The suite classifies the input and desired output, then selects a conversion path that extracts semantic content (text, headings, lists, tables, simple grids) and reconstructs it in the target format. It uses tested Python libraries for parsing and writing, applies heuristics for improved heading detection, and emits truncation or safety warnings for large spreadsheets or long PDFs. For folders, a batch mode processes many files with consistent rules and overwrite or outdir controls.
Does the tool preserve exact visual layout and fonts?

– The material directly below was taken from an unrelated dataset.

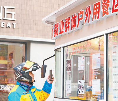 外卖员在北京市东城区某商区“骑手友好移动餐车”用手机扫码点餐。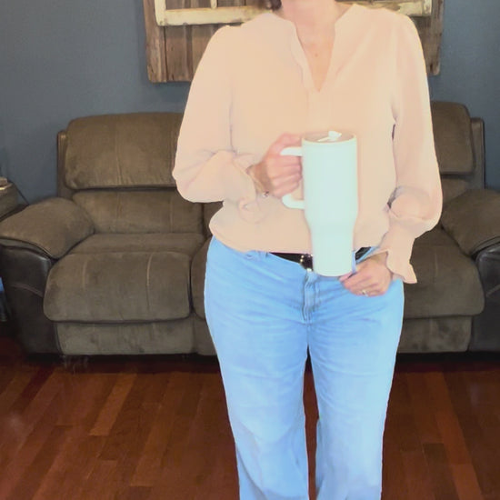 Elevate your wardrobe with this adorable Caramel Shirred Cuff Long Sleeve Blouse! This cute, lightweight V-neck blouse features chic, smocked ruffle cuffs that add a playful touch to any outfit. Perfect for office days with your favorite denim, special occasions like weddings and church, or a date night. So versatile, stylish, and comfortable.

No. It preserves semantic structure (text, headings, lists, basic tables). It does not guarantee pixel-perfect visual fidelity, fonts, spacing, images, charts, or animations.
Can it convert scanned PDFs or images with text?
Not directly. Scanned PDFs require OCR before using this converter; the suite relies on text extraction libraries and does not perform OCR.